++++ COLLECTED MATERIAL ++++

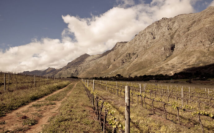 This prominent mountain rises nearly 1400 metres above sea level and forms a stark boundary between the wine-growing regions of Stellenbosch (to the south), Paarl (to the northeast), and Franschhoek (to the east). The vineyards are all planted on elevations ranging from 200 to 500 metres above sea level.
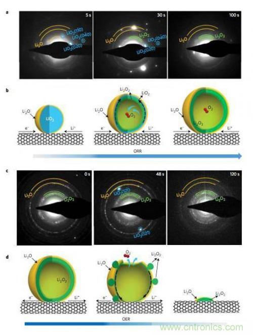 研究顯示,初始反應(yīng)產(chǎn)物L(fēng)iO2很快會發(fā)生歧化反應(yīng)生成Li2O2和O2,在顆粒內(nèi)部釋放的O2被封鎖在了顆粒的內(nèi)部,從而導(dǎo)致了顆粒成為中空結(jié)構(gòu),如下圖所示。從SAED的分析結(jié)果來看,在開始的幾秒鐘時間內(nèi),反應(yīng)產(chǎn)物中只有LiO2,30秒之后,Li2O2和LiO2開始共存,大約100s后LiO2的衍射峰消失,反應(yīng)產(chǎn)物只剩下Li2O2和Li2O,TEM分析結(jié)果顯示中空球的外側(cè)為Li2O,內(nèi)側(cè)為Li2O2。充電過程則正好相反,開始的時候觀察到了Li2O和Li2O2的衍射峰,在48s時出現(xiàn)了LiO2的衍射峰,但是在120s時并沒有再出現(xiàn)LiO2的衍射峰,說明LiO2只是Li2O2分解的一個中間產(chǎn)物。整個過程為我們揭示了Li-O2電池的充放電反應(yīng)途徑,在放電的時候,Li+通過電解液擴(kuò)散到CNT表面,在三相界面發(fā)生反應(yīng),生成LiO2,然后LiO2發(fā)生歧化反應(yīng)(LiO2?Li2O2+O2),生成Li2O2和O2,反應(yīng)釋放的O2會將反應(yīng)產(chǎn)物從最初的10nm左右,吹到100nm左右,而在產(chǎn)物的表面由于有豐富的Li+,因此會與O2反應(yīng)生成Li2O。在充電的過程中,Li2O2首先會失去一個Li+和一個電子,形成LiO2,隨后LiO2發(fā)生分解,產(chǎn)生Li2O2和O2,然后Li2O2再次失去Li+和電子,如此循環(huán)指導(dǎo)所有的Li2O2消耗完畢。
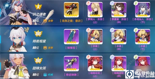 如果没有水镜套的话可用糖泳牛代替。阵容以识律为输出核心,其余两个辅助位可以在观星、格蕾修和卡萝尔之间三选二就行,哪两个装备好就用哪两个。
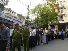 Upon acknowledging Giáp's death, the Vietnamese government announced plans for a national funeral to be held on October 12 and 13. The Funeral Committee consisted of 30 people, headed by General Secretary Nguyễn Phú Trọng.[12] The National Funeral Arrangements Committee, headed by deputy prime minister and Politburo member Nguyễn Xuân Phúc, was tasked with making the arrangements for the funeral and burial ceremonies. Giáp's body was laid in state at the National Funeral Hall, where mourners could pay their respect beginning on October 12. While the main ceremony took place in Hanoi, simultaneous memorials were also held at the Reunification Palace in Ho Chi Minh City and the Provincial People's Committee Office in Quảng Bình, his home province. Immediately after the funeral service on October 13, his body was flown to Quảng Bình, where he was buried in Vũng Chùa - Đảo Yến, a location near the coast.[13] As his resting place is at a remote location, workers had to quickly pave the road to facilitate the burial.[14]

++++

Once the pictures are set aside, give the rest of the listing again exactly.

#### EXERCISE OUTPUT
 This prominent mountain rises nearly 1400 metres above sea level and forms a stark boundary between the wine-growing regions of Stellenbosch (to the south), Paarl (to the northeast), and Franschhoek (to the east). The vineyards are all planted on elevations ranging from 200 to 500 metres above sea level.
 研究顯示,初始反應(yīng)產(chǎn)物L(fēng)iO2很快會發(fā)生歧化反應(yīng)生成Li2O2和O2,在顆粒內(nèi)部釋放的O2被封鎖在了顆粒的內(nèi)部,從而導(dǎo)致了顆粒成為中空結(jié)構(gòu),如下圖所示。從SAED的分析結(jié)果來看,在開始的幾秒鐘時間內(nèi),反應(yīng)產(chǎn)物中只有LiO2,30秒之后,Li2O2和LiO2開始共存,大約100s后LiO2的衍射峰消失,反應(yīng)產(chǎn)物只剩下Li2O2和Li2O,TEM分析結(jié)果顯示中空球的外側(cè)為Li2O,內(nèi)側(cè)為Li2O2。充電過程則正好相反,開始的時候觀察到了Li2O和Li2O2的衍射峰,在48s時出現(xiàn)了LiO2的衍射峰,但是在120s時并沒有再出現(xiàn)LiO2的衍射峰,說明LiO2只是Li2O2分解的一個中間產(chǎn)物。整個過程為我們揭示了Li-O2電池的充放電反應(yīng)途徑,在放電的時候,Li+通過電解液擴(kuò)散到CNT表面,在三相界面發(fā)生反應(yīng),生成LiO2,然后LiO2發(fā)生歧化反應(yīng)(LiO2?Li2O2+O2),生成Li2O2和O2,反應(yīng)釋放的O2會將反應(yīng)產(chǎn)物從最初的10nm左右,吹到100nm左右,而在產(chǎn)物的表面由于有豐富的Li+,因此會與O2反應(yīng)生成Li2O。在充電的過程中,Li2O2首先會失去一個Li+和一個電子,形成LiO2,隨后LiO2發(fā)生分解,產(chǎn)生Li2O2和O2,然后Li2O2再次失去Li+和電子,如此循環(huán)指導(dǎo)所有的Li2O2消耗完畢。
 如果没有水镜套的话可用糖泳牛代替。阵容以识律为输出核心,其余两个辅助位可以在观星、格蕾修和卡萝尔之间三选二就行,哪两个装备好就用哪两个。
 Upon acknowledging Giáp's death, the Vietnamese government announced plans for a national funeral to be held on October 12 and 13. The Funeral Committee consisted of 30 people, headed by General Secretary Nguyễn Phú Trọng.[12] The National Funeral Arrangements Committee, headed by deputy prime minister and Politburo member Nguyễn Xuân Phúc, was tasked with making the arrangements for the funeral and burial ceremonies. Giáp's body was laid in state at the National Funeral Hall, where mourners could pay their respect beginning on October 12. While the main ceremony took place in Hanoi, simultaneous memorials were also held at the Reunification Palace in Ho Chi Minh City and the Provincial People's Committee Office in Quảng Bình, his home province. Immediately after the funeral service on October 13, his body was flown to Quảng Bình, where he was buried in Vũng Chùa - Đảo Yến, a location near the coast.[13] As his resting place is at a remote location, workers had to quickly pave the road to facilitate the burial.[14]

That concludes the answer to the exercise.